SUPPLIED MATERIAL:

———

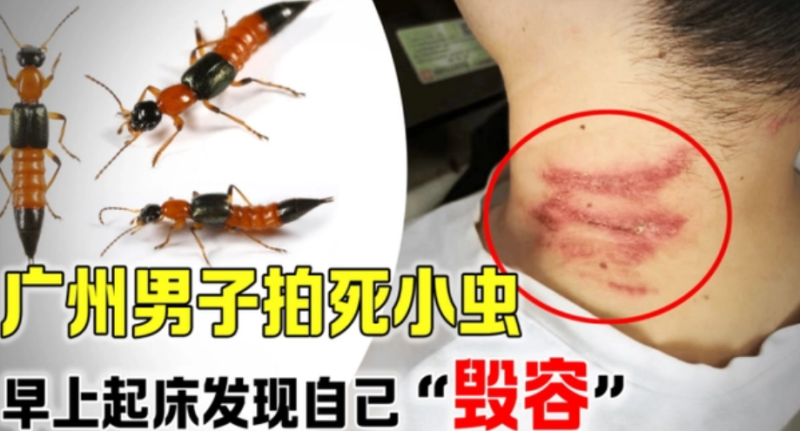 广州男子拍死一只小虫子 醒来之后发现自己毁容(隐翅虫)
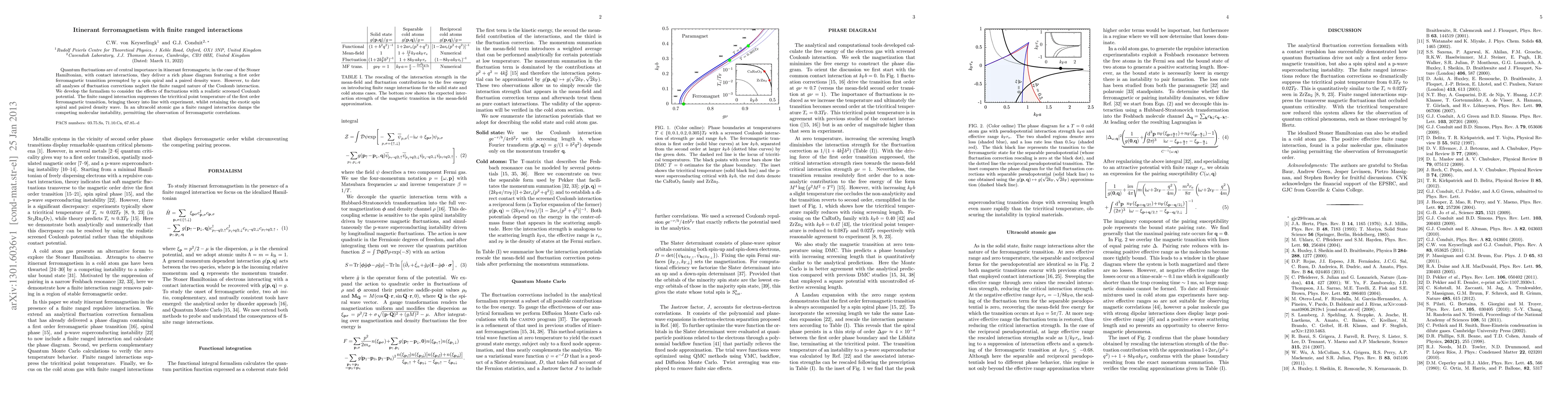 This paper develops a formalism to incorporate the effects of finite ranged Coulomb interactions in itinerant ferromagnets, showing that these interactions suppress the tricritical point temperature, aligning theoretical predictions with experimental observations. It also discusses the implications for ultracold atomic gases, where such interactions can stabilize ferromagnetic correlations.
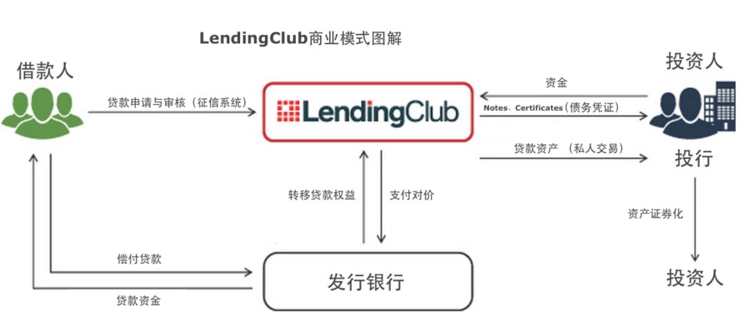 Lending Club 代表的这种商业模式,相当于通过资金“掮客”沟通资金与资产两端,平台对投资活动不进行担保,在整个交易流程中仅作为一个信息中介存在。
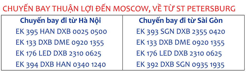 04h20 và 05h00 Đến sân bay quốc tế Dubai, đoàn nối tiếp chuyến bay đi Moscow (khởi hành lúc 9h20). Ăn trưa trên máy bay.
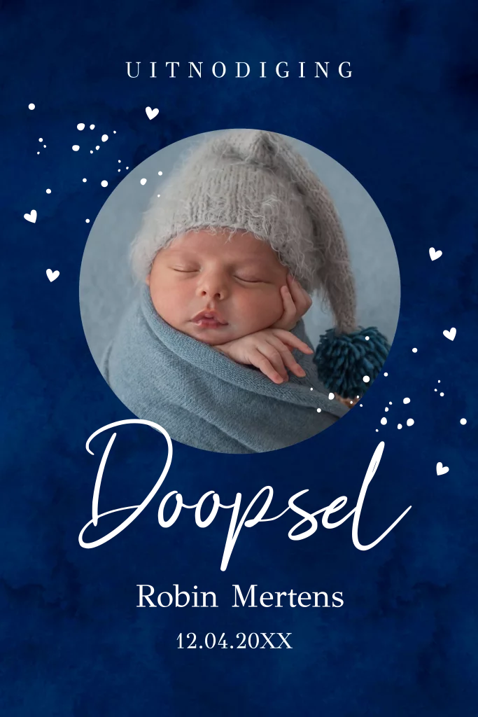 Doop uitnodiging voor een jongen blauw met foto rond, spetters, hartjes en goudfolie.
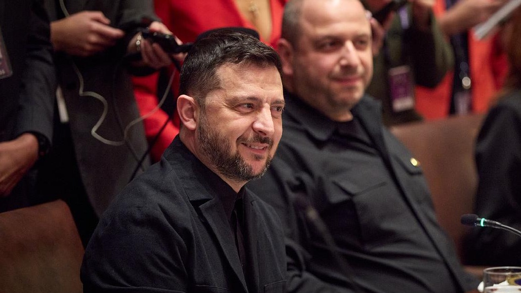 当地时间9日,乌克兰总统泽连斯基在位于乌克兰首都基辅的总统府马林斯基宫接受英国《卫报》记者采访时,现场两次停电,直到备用发电机启动,灯光才重新亮起。
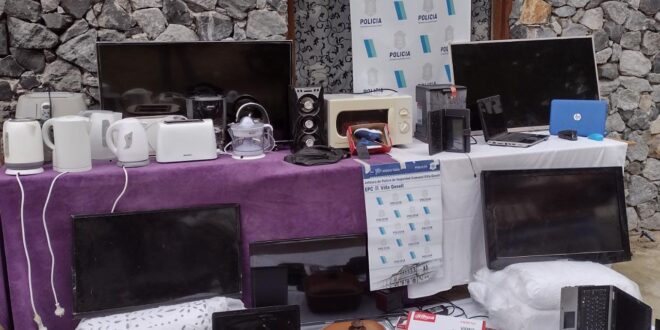 En el primer objeto sito en avda. 9 y paseo 115 de Villa Gesell se secuestraron DVR y cámaras de seguridad sin instalar , e pares de zapatillas Nike, una cafetera masra Oster, una riñonera, un TV Smart de 42 pulgadas marca LG, 2 acolchados, mouse azul de computadora y cuchillos.

———

PROBLEM DETAILS:
Each entry above must be printed exactly, apart from its pictures.

ANSWER AREA:
 广州男子拍死一只小虫子 醒来之后发现自己毁容(隐翅虫)
 This paper develops a formalism to incorporate the effects of finite ranged Coulomb interactions in itinerant ferromagnets, showing that these interactions suppress the tricritical point temperature, aligning theoretical predictions with experimental observations. It also discusses the implications for ultracold atomic gases, where such interactions can stabilize ferromagnetic correlations.
 Lending Club 代表的这种商业模式,相当于通过资金“掮客”沟通资金与资产两端,平台对投资活动不进行担保,在整个交易流程中仅作为一个信息中介存在。
 04h20 và 05h00 Đến sân bay quốc tế Dubai, đoàn nối tiếp chuyến bay đi Moscow (khởi hành lúc 9h20). Ăn trưa trên máy bay.
 Doop uitnodiging voor een jongen blauw met foto rond, spetters, hartjes en goudfolie.
 当地时间9日,乌克兰总统泽连斯基在位于乌克兰首都基辅的总统府马林斯基宫接受英国《卫报》记者采访时,现场两次停电,直到备用发电机启动,灯光才重新亮起。
 En el primer objeto sito en avda. 9 y paseo 115 de Villa Gesell se secuestraron DVR y cámaras de seguridad sin instalar , e pares de zapatillas Nike, una cafetera masra Oster, una riñonera, un TV Smart de 42 pulgadas marca LG, 2 acolchados, mouse azul de computadora y cuchillos.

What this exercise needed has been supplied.